● Dataset excerpt
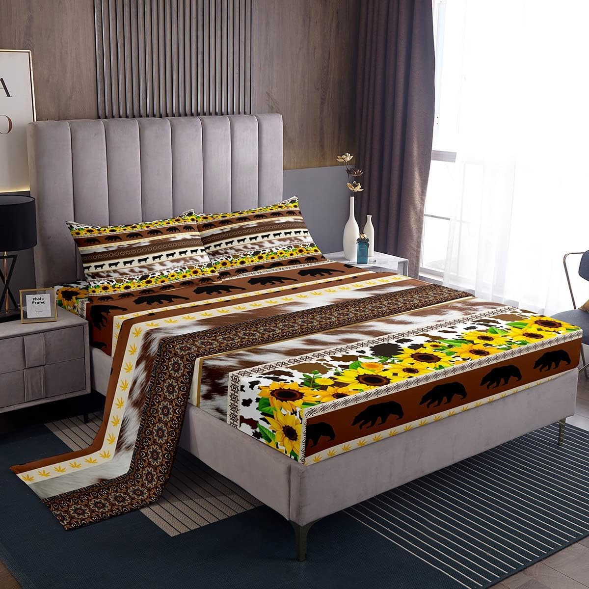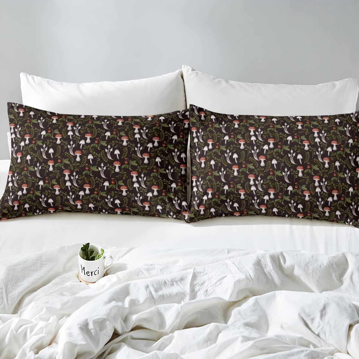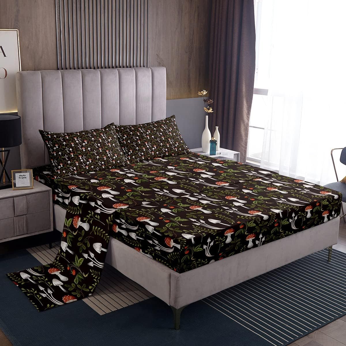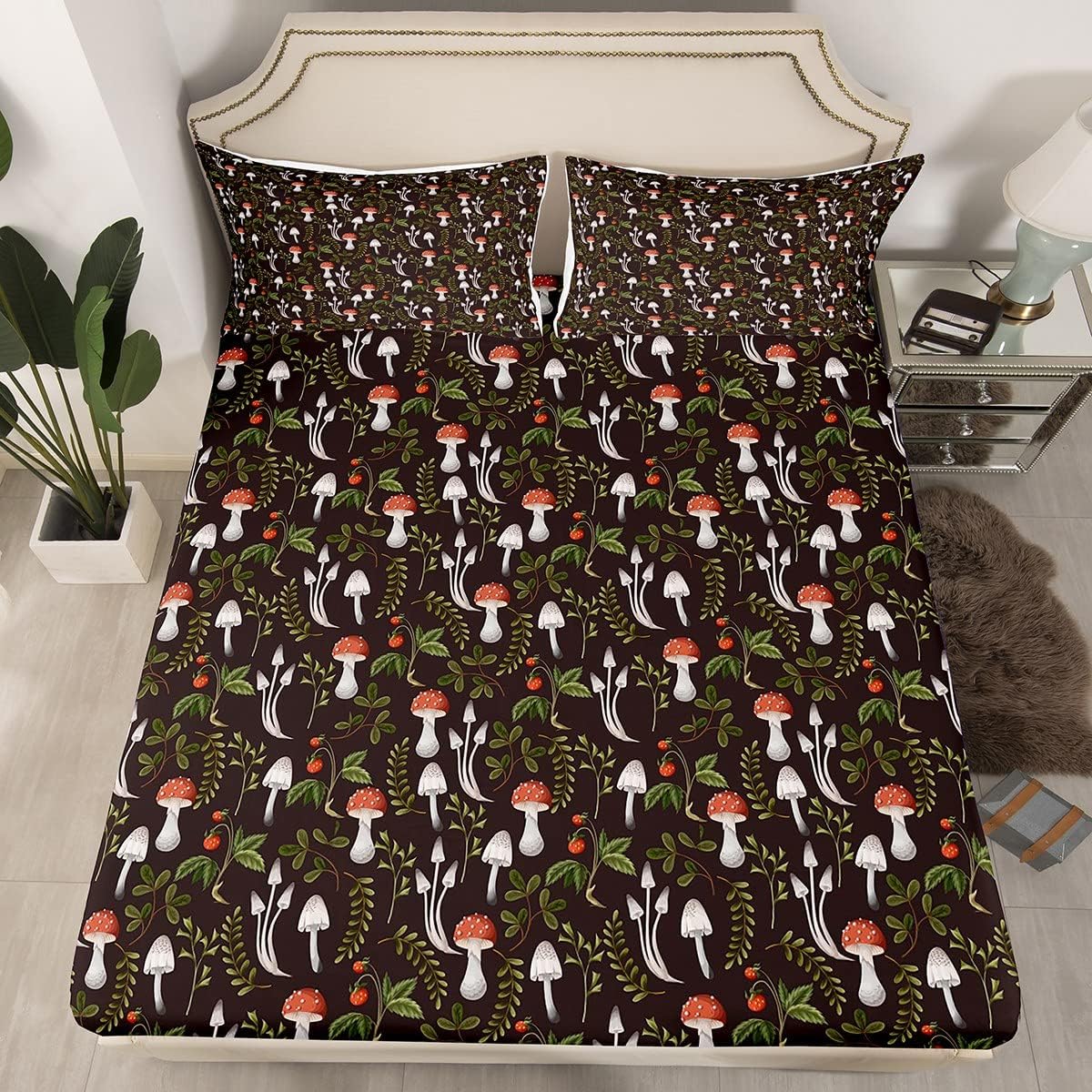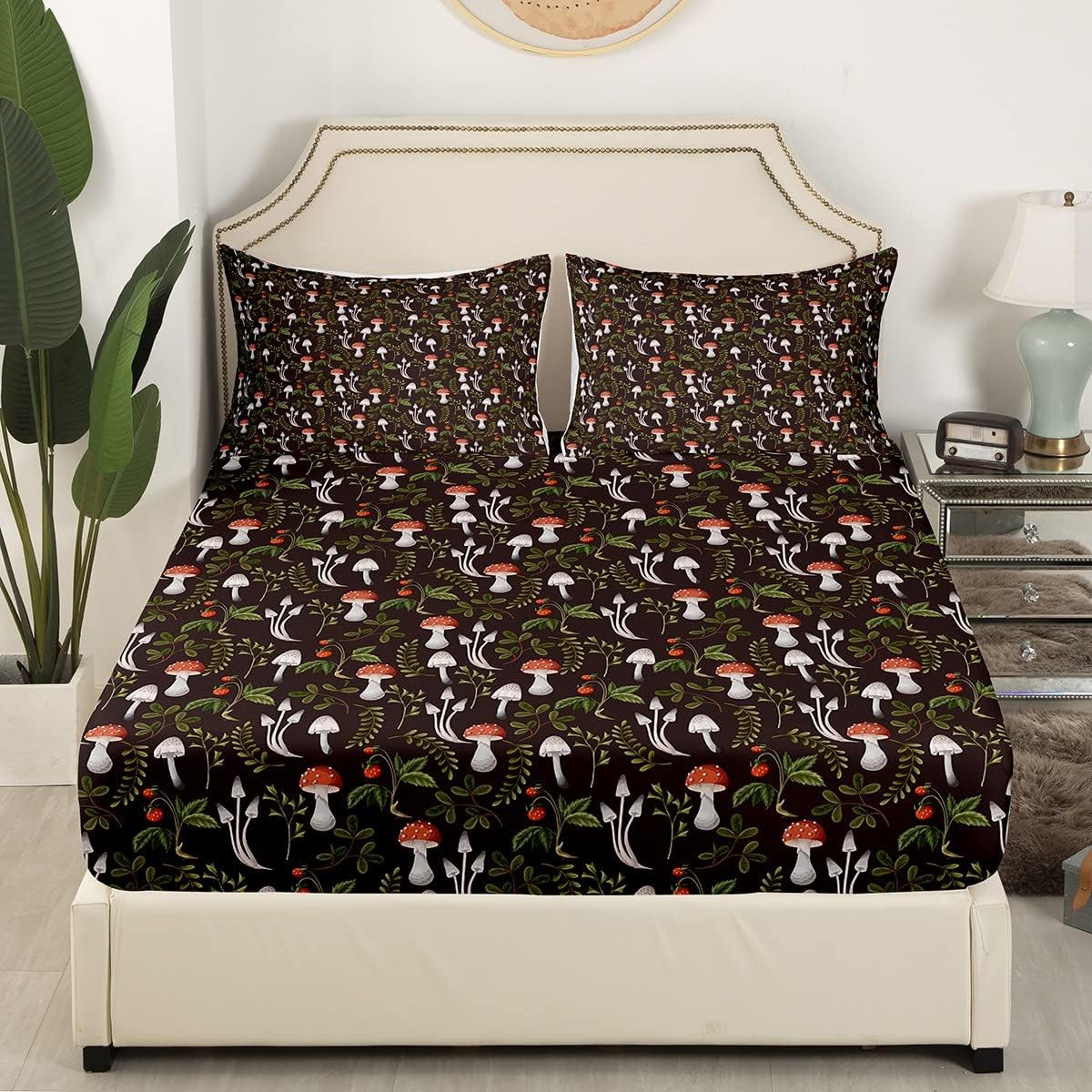 Jungle Mushroom Bed Sheet Set King Size Farmhouse Style Rustic Plants Herbs Bedding Set for Bedroom Strawberry Trippy Mushrooms Bedding (1 Fitted,1 Flat,2 Pillowcases) Microfiber Fitted Sheet
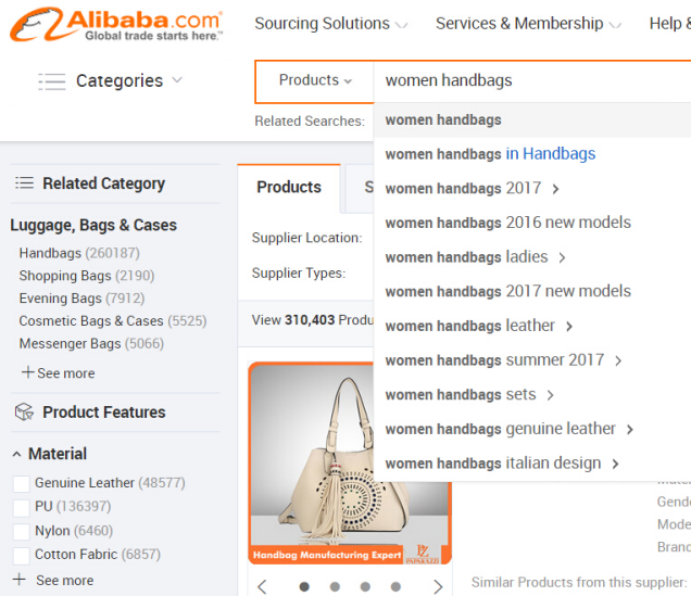 目前阿里巴巴國際站的搜索引擎,主要索引標題、關(guān)鍵詞和產(chǎn)品屬性。阿里自2015年逐步引入買家偏好權(quán)重,我們可利用這一要素,在發(fā)布產(chǎn)品時利用屬性主動去匹配買家偏好。舉個例子,在alibaba.com搜索women handbags這個關(guān)鍵詞,會有相關(guān)詞的推薦:
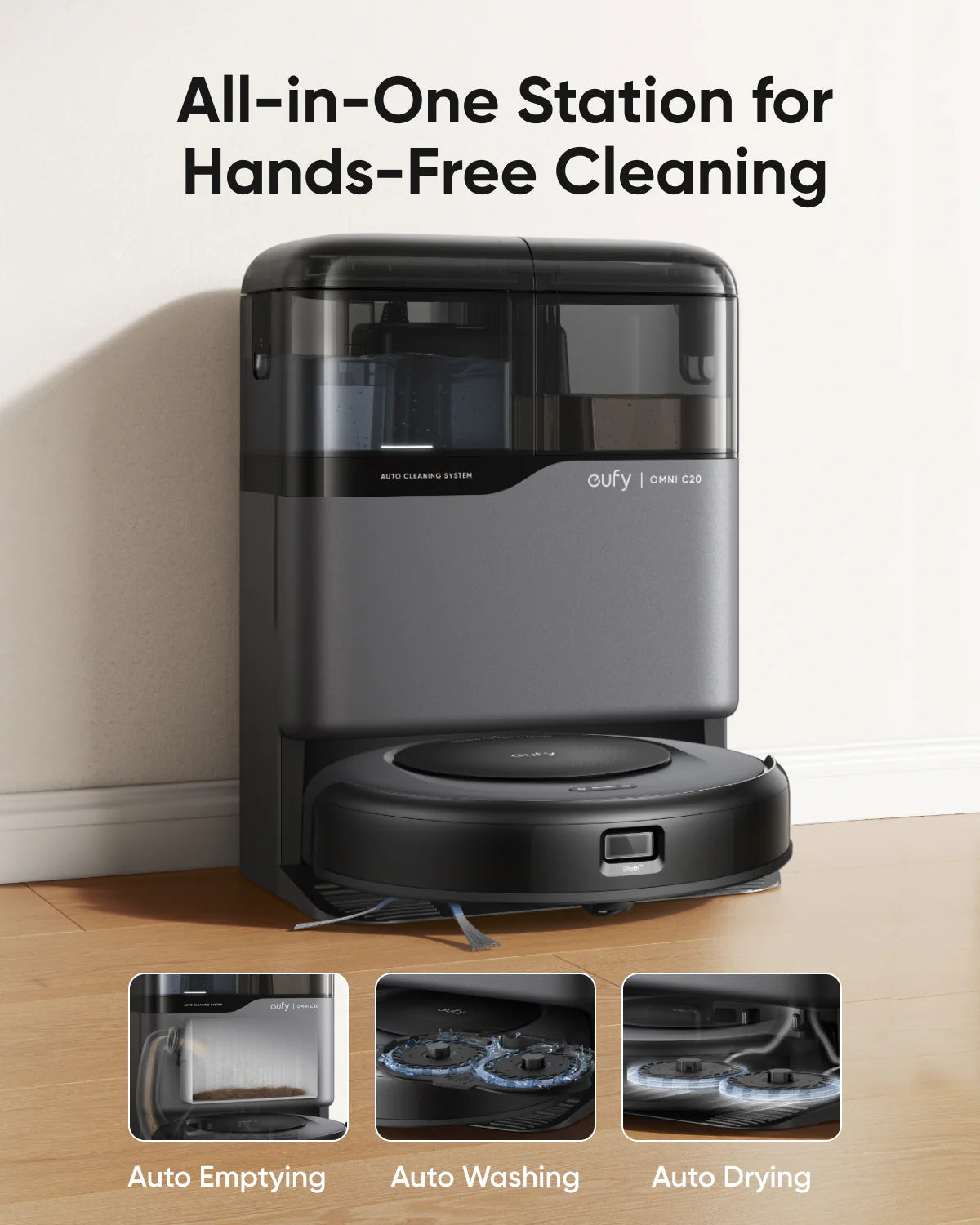 All-in-One Station: eufy Robot Vacuum Omni C20 offers fully automated cleaning with features like auto emptying, washing, drying, and water refilling. The station dries the mop with room-temperature air and has transparent water tanks, allowing you to easily monitor water levels without opening them. This hands-free system ensures effortless maintenance.

● Goal of the exercise
Copy word for word every line from the start of the material through the line holding "目前阿里巴巴國際站的搜索引擎". The pictures are not part of the copy.

● Exercise solution
 Jungle Mushroom Bed Sheet Set King Size Farmhouse Style Rustic Plants Herbs Bedding Set for Bedroom Strawberry Trippy Mushrooms Bedding (1 Fitted,1 Flat,2 Pillowcases) Microfiber Fitted Sheet
 目前阿里巴巴國際站的搜索引擎,主要索引標題、關(guān)鍵詞和產(chǎn)品屬性。阿里自2015年逐步引入買家偏好權(quán)重,我們可利用這一要素,在發(fā)布產(chǎn)品時利用屬性主動去匹配買家偏好。舉個例子,在alibaba.com搜索women handbags這個關(guān)鍵詞,會有相關(guān)詞的推薦:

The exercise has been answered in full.